List entry for 10 St Andrew's Road: 1369426

No. 10 St Andrew’s Road, next door to the White Hart pub, is the first in a row of four houses dating from around 1700. It is built of coursed rubble and has a roof of red tiles.

St Andrew’s Road is labelled “Highe Streete” on the 1605 map of Headington, and probably remained the main shopping street of Headington village until the London Road was cut through the fields near the end of the eighteenth century, making the present Old High Street more important.

10 St Andrew’s Road in 1813

 

The engraving on the right by G. Hollis shows the house in 1813, when it had three dormer windows (of which only one survives).

 

Digby Latimer, who became Lord of the Manor of Heddington in 1845 after the death of his father, Edward Latimer of Headington House, moved to this house in 1844 when he got married. The Headington Rate Book for 1850 shows that he rented the house from John Tew (the farmer and publican who also owned the White Hart) and that it had a rateable value of £13–10-0 and a gross estimated rental of £18. The 1851 census lists Digby Latimer, a barrister not in actual practice aged 43, living here with his wife Harriet and her sister and aunt, plus two visitors and two servants. He was a Churchwarden at St Andrew’s from 1850 to 1864, when he and his wife moved into Unity House in St Andrew’s Lane with his elder sister Mary.

John Tew died at the age of 82 in 1869, and in 1872 his widow put 10 St Andrew's Road, which was then occupied by James Patrick Clarke, up for sale. The following advertisement appeared in Jackson's Oxford Journal on 20 June 1872:

A FAMILY RESIDENCE, Coach House, Stable, and Garden,
And a MESSUAGE or TENEMENT & Premises adjoining,
all situate in the centre of the VILLAGE OF HEADINGTON,
to be sold by auction, By Messrs. R. PIKE and SON,
At the Cape of Good Hope Inn, St. Clement's, Oxford, on Tuesday July 6, 1875, at Six for Seven o'clock precisely, by direction of the Executrix of the late Mr Tew….
All that substantially-built PRIVATE RESIDENCE, situate immediately opposite the Church, in the centre of the Village of Headington, in the occupation of Mr. Clarke, containing entrance hall, library, and dining room, kitchen, scullery, and larder, on the ground floor; drawing room and three bed rooms on the first floor, and two attics over the same; garden, coach-house, and stable, with back entrance thereto, containing five large rooms, kitchen, cellar, coalshed, and henhouse, yard, and garden; also a small flower garden in front, enclosed with iron palisades, occupied by Mrs. Bullock, and as the Village Reading Room.
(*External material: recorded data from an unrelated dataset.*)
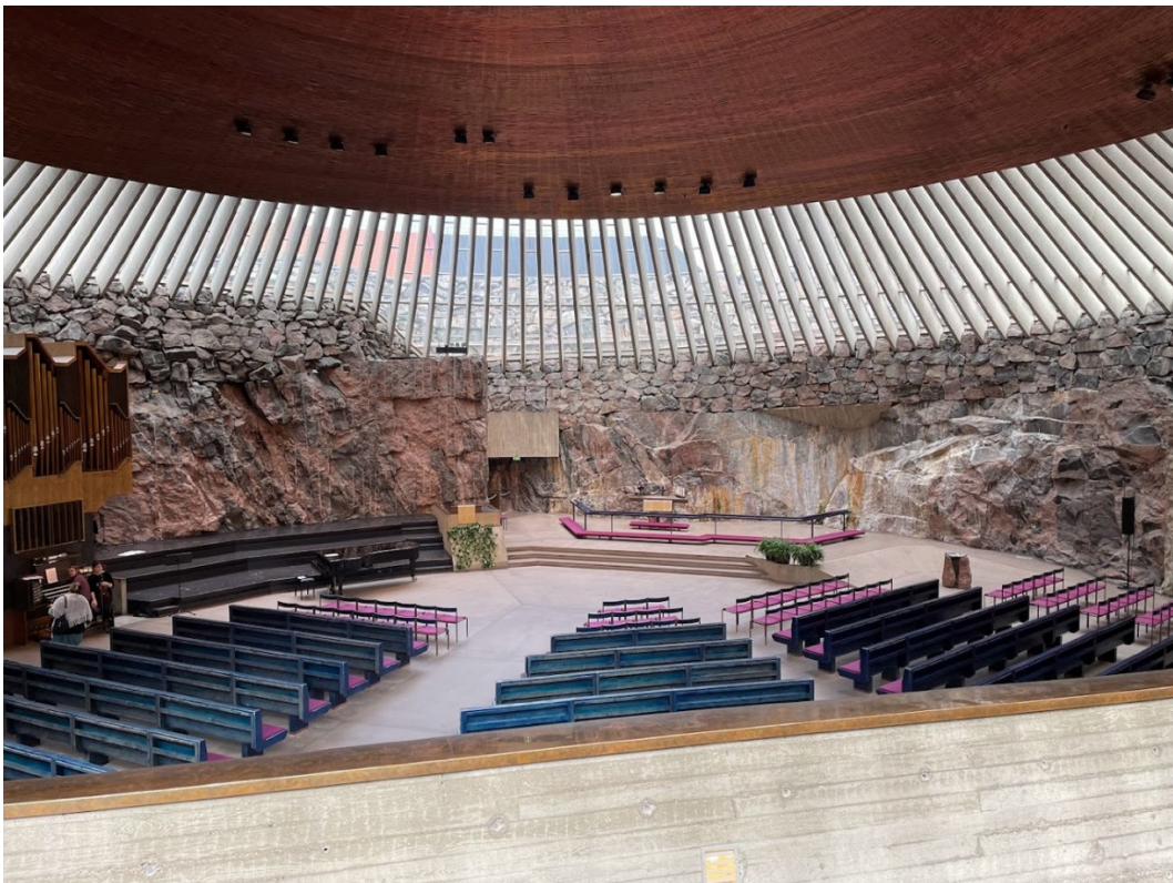
Tempeliaukio Church, which is built into a rock. The acoustics here were amazing.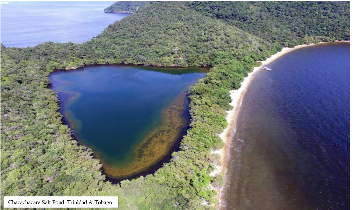
Chacachacare Salt Pond, Trinidad & Tobago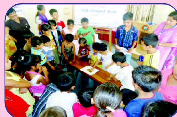
Myoichikai Gathering, Nepalgunj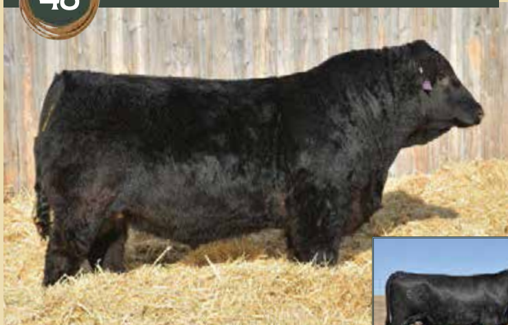
Dam: Boundary Candy 100X

The whole producing an aggregate rental of £35 per annum.
This Property is Copyhold of Inheritance of the Manor of Headington. Quit Rent, 1s. 2d.

At the time of the 1881 census 10 St Andrew’s Road (then called Church Road) was still occupied by Clarke, who was a Clerk in the Royal Engineers Department, and his wife Mary Anne (both aged 68), and one servant. Ten years later, the 1891 census shows that their unmarried daughter, Miss M. E. B. Clarke, then aged aged 50, had come to live with them. By 1896 Mr and Mrs Clarke were both dead, but their daughter remained in the house and in 1897, as Digby Latimer half a century before, became Churchwarden of St Andrew’s.

The 1911 census shows Miss M. E. B. Clarke (70) living alone in the house with two servants. After her death in 1926, the house was occupied by Maurice Pontin until at least 1930.

Miss M. I. Moor lived here from 1933 to 1954.

The name St Andrew's Road was given to Church Street in 1955.

Dr & Mrs Eric Peet lived here from 1956 to 1958, and Mrs Dupuis from at least 1960 to 1976.